Exercise aim ▸ Find the line that contains "Mai 1994. Brandenburg." in the entries below. Restate it and every line after it, word for word, with no pictures.
BEGIN Dataset content
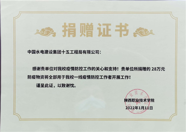 1月11日下午15:00,在陜西職業(yè)技術(shù)學(xué)院舉行簡短捐贈儀式,陜西職業(yè)技術(shù)學(xué)院黨委副書記、院長劉勝輝,黨委副書記、紀(jì)委書記何軍,副院長王慶等參加了捐贈儀式。劉勝輝代表學(xué)院黨委向我公司表示感謝,他表示,在疫情防控的關(guān)鍵時刻,水電十五局一周內(nèi)2批次送來價值近28萬元生活物資,及時緩解更極大充實和豐富了我??挂呱钗镔Y,為我院師生樹立了光輝榜樣,堅定了共克時艱的信心和決心。何軍向公司黨委副書記、紀(jì)委書記、工會主席任志宏贈送了捐款證明和感謝信。任志宏表示,水電十五局作為駐陜央企,一直以來,堅決貫徹落實黨中央決策部署,主動響應(yīng)陜西省委組織部和省國資委號召,面對此次疫情,將積極踐行央企擔(dān)當(dāng),履行社會責(zé)任,用實際行動為西安高校疫情防控貢獻(xiàn)一份力量!
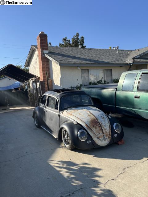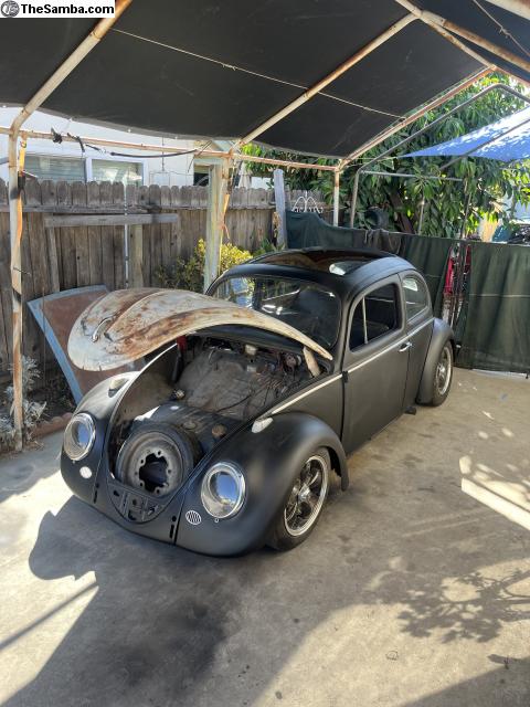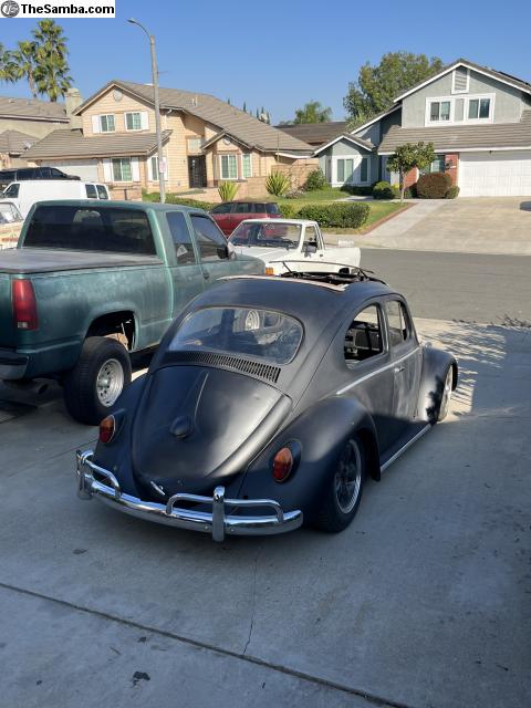 this is og clip grafted in a 1963 bug this is a project I started two years ago I stripped the car down to metal and did all the rust repair on it the car had minor rust thats all. i grafted in a og ragtop clip that was done right and fixed the radio hole. the car is opoxy primerd and ready for body work, the doors close perfectly and floor pans are good just patch on the ps. the car has a 3 inch beam with drop spindles and disk brakes in the front, there is no motor what you see is what you get.
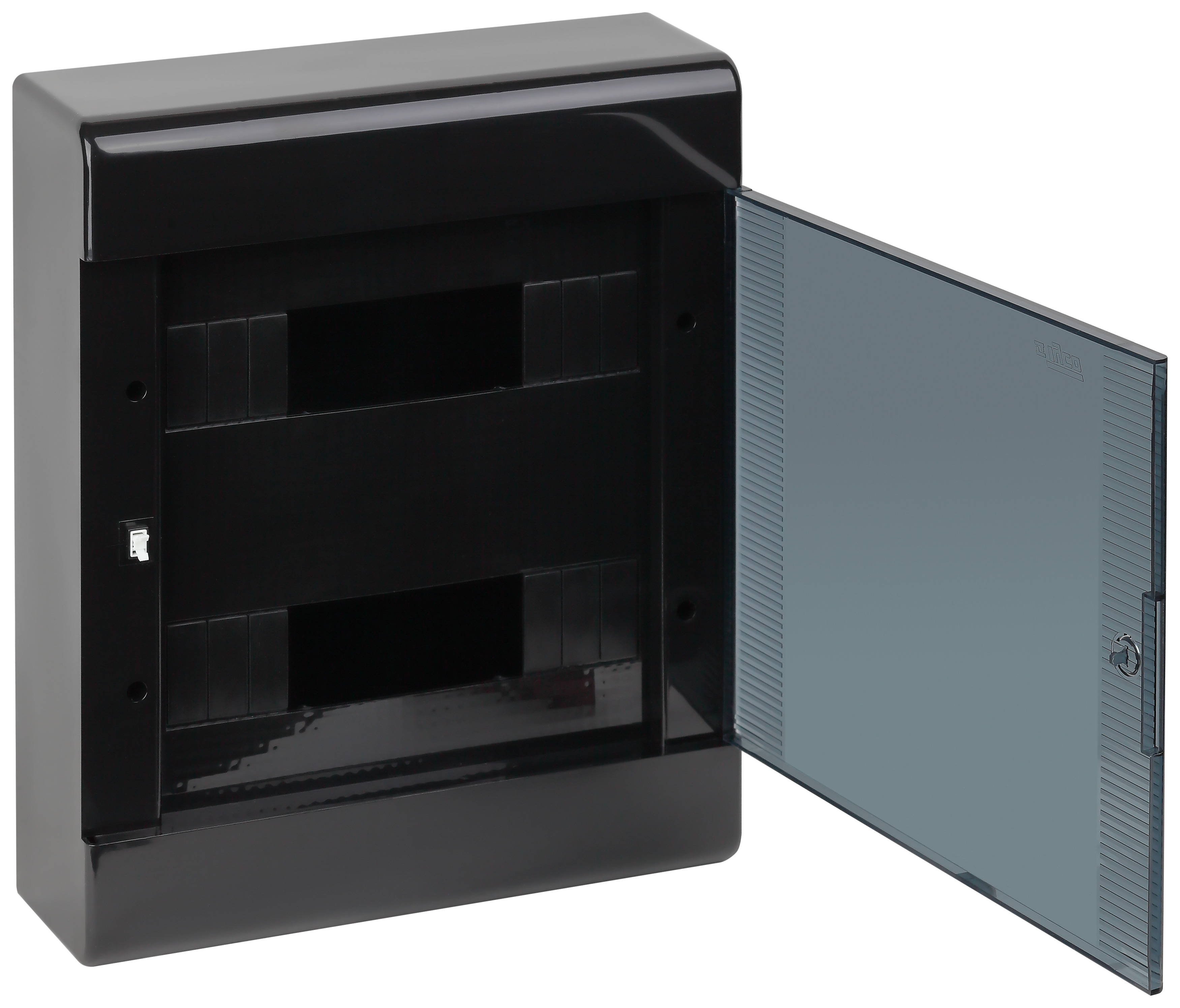 Щиток "Тусо" навесной с горизонтальной дверцей на 24 модуля, цвет черный, IP40. Минимальная партия отгрузки 1 шт. Назначение: предназначены для установки автоматических выключателей, устройств защитного отключения и любого прибора учета в жилых, административных и торговых помещениях. Отличительные особенности: высокое качество пластика, механическая прочность, богатая комплектация, перенавешиваемые дверцы, на внутренней части корпуса риски для ввода кабель-каналов любого размера, торцевые стороны щитка снабжены сменными панелями с рисками для подведения гофрированных и гладких труб диаметром 25, 32, 40 мм, регулируемые по глубине стойки крепления DIN-реек дают возможность монтажа модульного оборудования на разную глубину; щитки упакованы в индивидуальную упаковку.
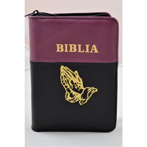Biblia format mic, din piele, culoare negru/mov, index, fermoar, margini argintii, simbolul maini in ruga, cuv. lui Isus in rosu [047 PFI]
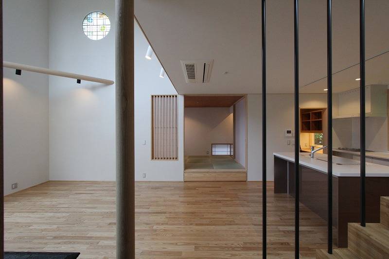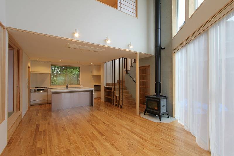 杉木立と竹薮を背にして、入母屋瓦葺の平屋と切妻2階建て住宅が東西に建ち並ぶ。既存の平屋住宅に渡り廊下で繋がっていた2階建ての部分を取り壊し、新たに2階建て木造住宅を増築し、既存部分の浴室を共有する2世帯住宅となる。
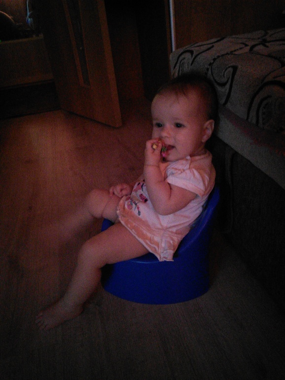 . Кстати только моя красотка стучит обо всё головой? Не случайно, а специально под ползает и давай стучать лбом или затылком.Ну что ещё периодически знакомимся с горшком. Писяем в него редко, какаем чаще. Папа наш шутит, что для пописять надо другой горшок покупать. Спим днем2 раза, в общей сложности 2-2,5 часа. Днём практически грудь не ест, только когда прикорм что называется не зашёл. Любит каши молочные, яичный желток, помидоры, груши, тыкву и морковь барочные. Постепенно начинаем есть приготовленную еду. Её ест с переменным успехом. То может сжевать впреную картошку, то отказывается совсем. Ну да ничего привыкнет. Каша сначала тоже была пыткой, а сейчас это единственная ела, в которой я уверена. Пока мясо не особо жалует. Начинаем осваивать творог и йогурт.
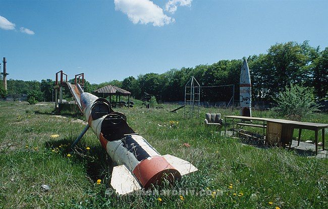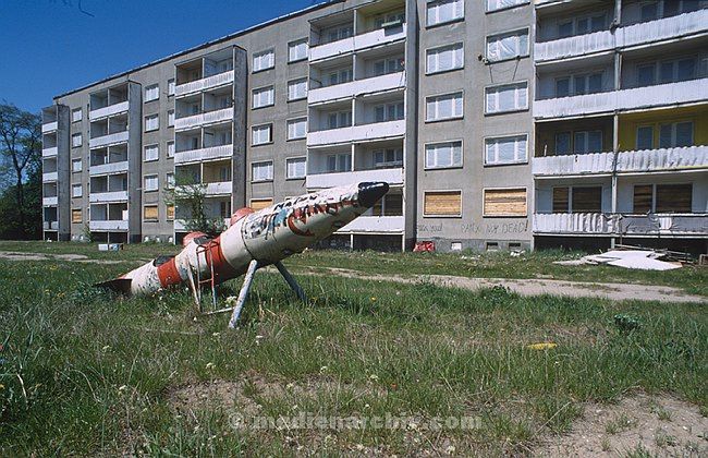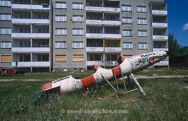 Mai 1994. Brandenburg. Gentzrode. Ehemaliger Militärstützpunkt der Sowjetischen Truppen in der DDR. Spielplatz vor dem Wohnhaus. Raketenattrappe als Spielzeug.
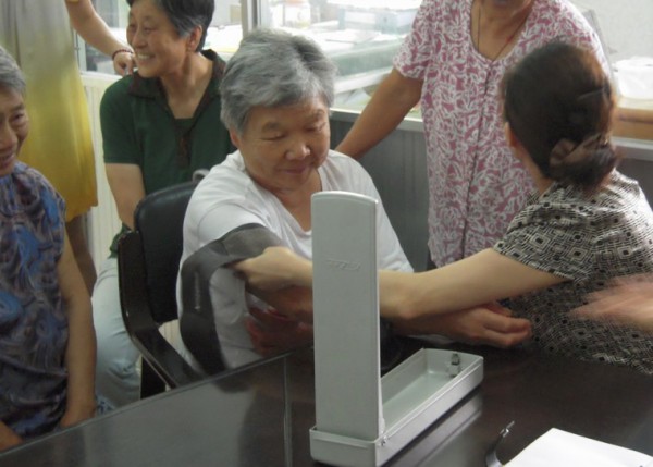 “大学生三下乡―关爱空巢老人”党员工作站暑期社会实践团联系到徐州市铜山县桥上社区卫生服务站的工作人员,免费为桥上村的部分空巢老人进行了体检。
END Dataset content
Result ▸
 Mai 1994. Brandenburg. Gentzrode. Ehemaliger Militärstützpunkt der Sowjetischen Truppen in der DDR. Spielplatz vor dem Wohnhaus. Raketenattrappe als Spielzeug.
 “大学生三下乡―关爱空巢老人”党员工作站暑期社会实践团联系到徐州市铜山县桥上社区卫生服务站的工作人员,免费为桥上村的部分空巢老人进行了体检。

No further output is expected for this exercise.